OpenID: уникальный URL-адрес идентификатора? каковы различия между идентификаторами

Question

В OpenID specs, он говорит:

• Идентификатор:

Идентификатор, это просто URL. Весь поток протокола OpenID Authentication доказывает, что конечный пользователь является владельцем URL-адреса.

• Заявленный Идентификатор:

Идентификатор, что конечный пользователь говорит, что они владеют, хотя это еще не было проверено Потребителя.

• Проверенно Идентификатор:

Идентификатор, что конечный пользователь доказал потребителю, что они владеют.

• Идентичность Поставщик:

Также называется "IdP" или "Сервер". Это сервер проверки подлинности OpenID, который пользовательский контакт использует для криптографического доказательства того, что конечный пользователь владеет искомым идентификатором.

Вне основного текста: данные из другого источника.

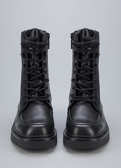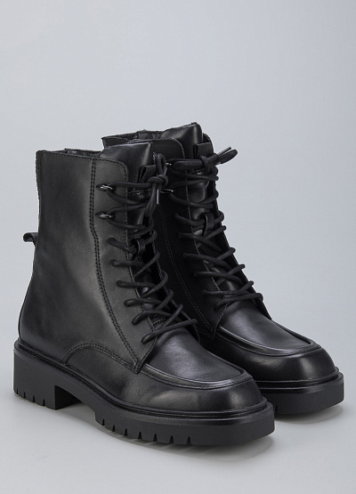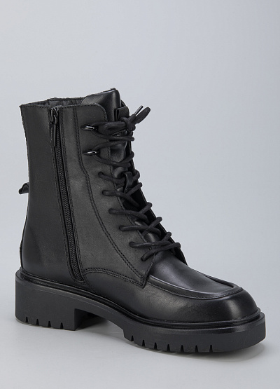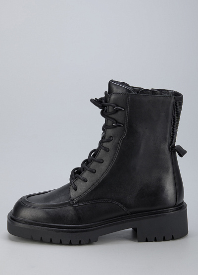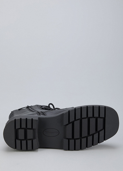 • Женские ботинки из экокожи от бренда Tamaris. Закругленный носок. Открытая шнуровка в тон. Петли для подтягивания сзади. Массивная рифленая подошва на низком каблуке.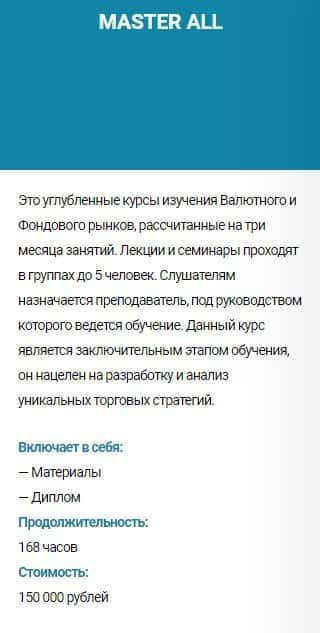 Курс обучения MASTER ALL - стоимость 150 000 руб. Сюда входит: материалы и диплом. Продолжительность обучения составляет 168 часов.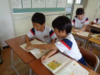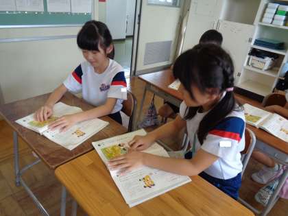 言葉だけで道案内をするとき、どのように説明すると分かりやすいのかを考え、友達と対話の練習をしました。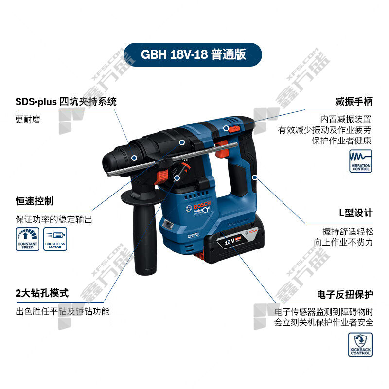 商品名称: 博世 GBH18V-18 充电式电锤 两用 两电一充 18V 4.0Ah*2组

Как конечный пользователь аутентифицирует свой поставщик удостоверений, находится за пределами OpenID Authenticaiton.

• ли URL уникальный идентификатор? Что это такое?

• Если это не уникально, есть ли что-то уникальное, чтобы потребитель мог различаться между разными пользователями на одном и том же URL-адресе конечной точки OpenID?

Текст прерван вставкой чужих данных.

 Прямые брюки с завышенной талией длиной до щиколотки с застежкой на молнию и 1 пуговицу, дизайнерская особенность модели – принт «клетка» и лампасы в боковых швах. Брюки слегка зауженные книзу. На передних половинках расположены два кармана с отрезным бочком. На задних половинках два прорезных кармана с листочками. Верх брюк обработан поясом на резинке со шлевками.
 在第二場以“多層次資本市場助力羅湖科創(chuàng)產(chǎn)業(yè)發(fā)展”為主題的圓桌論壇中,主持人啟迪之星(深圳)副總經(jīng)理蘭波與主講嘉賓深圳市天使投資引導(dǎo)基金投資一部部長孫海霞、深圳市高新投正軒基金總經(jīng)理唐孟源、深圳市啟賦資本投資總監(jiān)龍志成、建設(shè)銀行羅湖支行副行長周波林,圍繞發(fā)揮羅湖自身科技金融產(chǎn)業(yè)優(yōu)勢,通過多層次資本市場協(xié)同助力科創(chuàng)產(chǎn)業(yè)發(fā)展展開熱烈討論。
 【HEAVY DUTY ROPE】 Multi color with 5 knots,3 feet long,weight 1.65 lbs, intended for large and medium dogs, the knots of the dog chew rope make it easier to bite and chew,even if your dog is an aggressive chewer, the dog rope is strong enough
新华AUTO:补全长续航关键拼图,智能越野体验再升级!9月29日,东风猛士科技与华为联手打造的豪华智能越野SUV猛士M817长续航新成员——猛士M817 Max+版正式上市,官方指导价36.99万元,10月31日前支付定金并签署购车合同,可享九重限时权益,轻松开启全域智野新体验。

• В чем разница между IdP и URL-адресом идентификатора?

В других местах я прочитал термин «URL конечной точки OpenID».

• Является ли URL конечной точки OpenID таким же, как IdP? Итак, IdP также является URL-адресом?

В качестве примера возьмем Google OpenID. Когда какой-либо сайт запрашивает у меня идентификатор OpenID, я использую URL OpenID https://www.google.com/accounts/o8/id. Это URL-адрес идентификатора? Если это так, то это явно не является уникальным. Часто, когда я вернусь в настройках своей учетной записи на этом сайте о моем имени входа OpenID, он не показывает этот введенный URL, но он расширил его как-то как https://www.google.com/accounts/o8/id?id=AltOawk.... Этот URL теперь кажется уникальным.

• В чем цель https://www.google.com/accounts/o8/id? Это URL-адрес конечной точки OpenID? Или это URL-адрес IdP (если это что-то другое)?

• И какова цель https://www.google.com/accounts/o8/id?id=AltOawk...?Это действительно уникально и всегда одинаково для my Google аккаунт? Так что URL-адрес идентифицирует меня?

• Почему они не использовали https://www.google.com/accounts/o8/id?u={google-username} вместо этого загадочного ...?id=AltOawk...?

• Каков URL-адрес идентификатора в случае Google?

• Что такое URL-адрес конечной точки OpenID? (Что такое URL-адрес IdP?)

Причина, по которой я прошу, заключается в том, что я пытаюсь реализовать свою собственную конечную точку OpenID.

• Является ли URL конечной точки OpenID таким же, как URL-адрес идентификатора?

В моей реализации конечной точки OpenID у меня есть именно эта проблема, которая не может различаться между разными пользователями. Веб-сайт потребителя просто принимает всех пользователей в этой конечной точке OpenID как одно и то же. Конечно, это всегда один и тот же OpenID-URL, но это также относится к Googles OpenID.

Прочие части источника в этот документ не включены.